Exodus 32:7-14 Psalm 51:1-11
1 Timothy 1:12-17 Luke 15:1-10
Lectionary Link
The Gospel writers present Jesus as one who represents God who is a heavenly parent who wants everyone to be valued as a member of this universal family.
In the teaching parables of Jesus, he uses the metaphor of being lost. What might be implied in this metaphor of being lost?
Something is lost because it is needed, valued, and useful to our lives. If a person is lost, it means that person is valued by those who have lost the person. One can note the panic that sets in when a young child is lost in a mall, a store, or a neighborhood. Why the panic? Because the lost child is a deeply valued member of the family.
One could expand this metaphor as a metaphor of insight for the entire human-divine situation.
If we propose that God is the heavenly parent and every human being is a valued child of God, something which our own Declaration of Independence asserts, we know that the actual human situation through history reveals that many, many, people have not and do not live in situations where they are valued and cared for. This means that many people are lost, but maybe they aren't even lost, because no one is looking for them. There are many people who are not valued enough in social situations even to attain the status of being lost.
The ministry and words of Jesus was to expose the situation of many people being uncared for, and especially by the religious leaders of his era.
Jesus came to raise the dignity of all people to state that many people were lost, that is, they had fallen through all the safety nets of any social care and were unrecognized and unworthy of dignity and value.
Along with the assertion by Jesus that many people were lost, and in being declared lost they were thus declared as valuable to God, Jesus came to be the supreme seeker of the lost.

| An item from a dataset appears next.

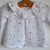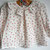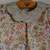 Il est en coton Liberty Mabelle. Manches longues, il se ferme par quatre petits boutons nacre au dos. Le col est formé de pétales en Liberty Capel gris clair.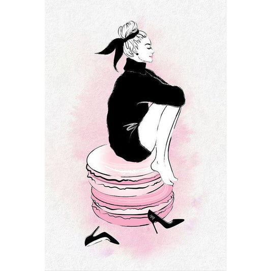Macaron Girl Black Modern Wood Framed Art Print with Double Matting by Pavlova, Martina

He came to represent God as a seeker who valued people to reveal their identity of being members of God's family.
One can apply this same metaphor to the record of the Hebrew Scriptures. God is the loving creator of all who made humans in the divine image. The giving of the law can be understood as rules of recommended behaviors for people to treat each other in dignified ways so as to value their lives, and such behaviors are those which flow from honoring the parent God of the human family.

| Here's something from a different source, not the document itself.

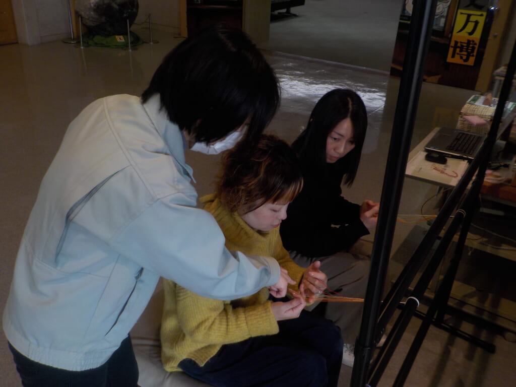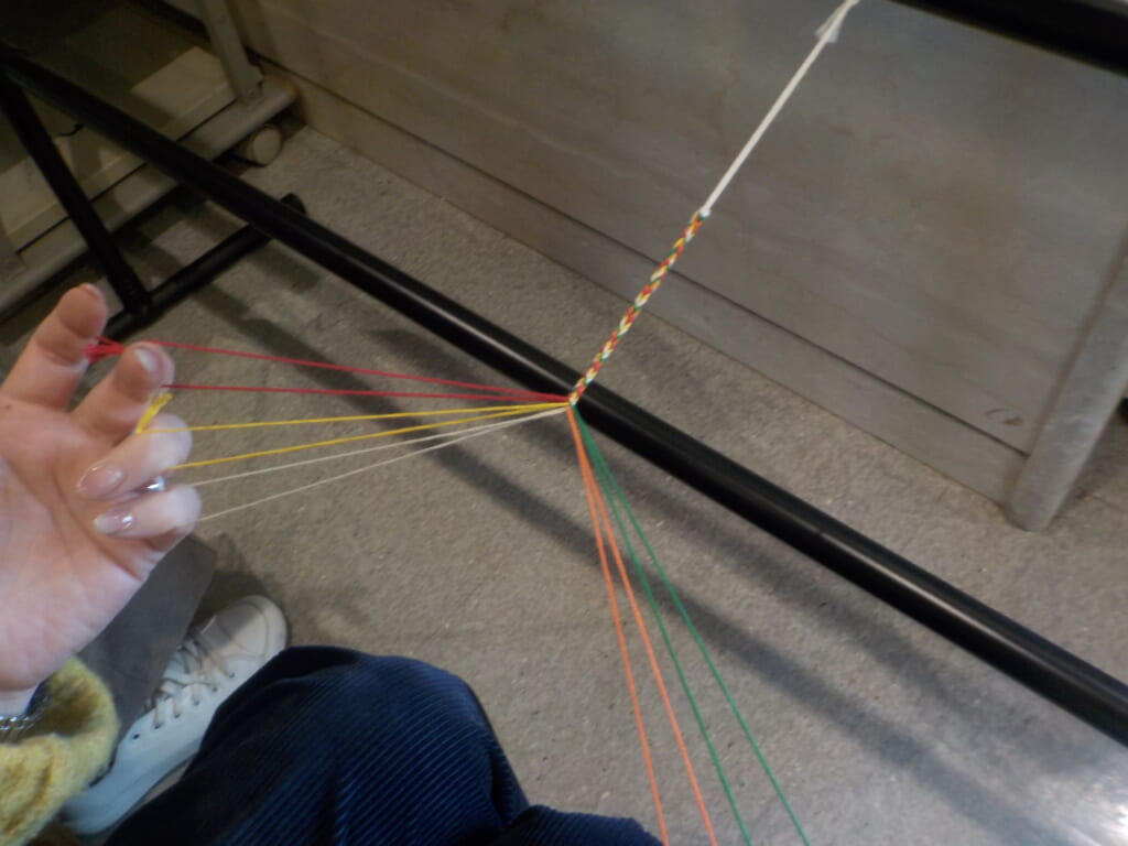 色糸を組み合わせて作る組ひもは、ストラップにもできる“持ち帰れる体験”に。

A good portion of the Hebrew Scriptures are in fact a bemoaning of people who do not honor the rules which protect the acceptance and dignity of people. And by not honoring the best practices for human interaction, many, many people became lost to dignified treatment.
Jesus, in the train of the prophets of the Hebrew Scripture, came to declare the human situation of his time; many, many, people were alienated from the conditions of basic dignity and care.
Jesus came to be a seeker of the lost. And in so doing, he was also declaring the nature of God as a caring parent, who was seeking the graceful reconciliation of people within the divine family, the family of all humanity.
St. Paul, is presented in the writings attributed to his corpus, and the writings about him, to be one who in his pre-conversion life misunderstood the message of Jesus and his followers. When Paul was converted from his misunderstanding of God and Jesus, he became one who became an apostle to Gentiles, affirming that in Christ, there could not be "lost" Jews, Gentile, male, females, slave, or free; rather there was to be one family of God living under the beneficent care of God and this care was poignantly exemplified in the life of Jesus Christ.
For us today, we are to be in the ministry of Jesus, first by properly representing God as the parent of all who values all persons with dignity and the rights which indicate the dignity of being a loving and loved child of God. Amen.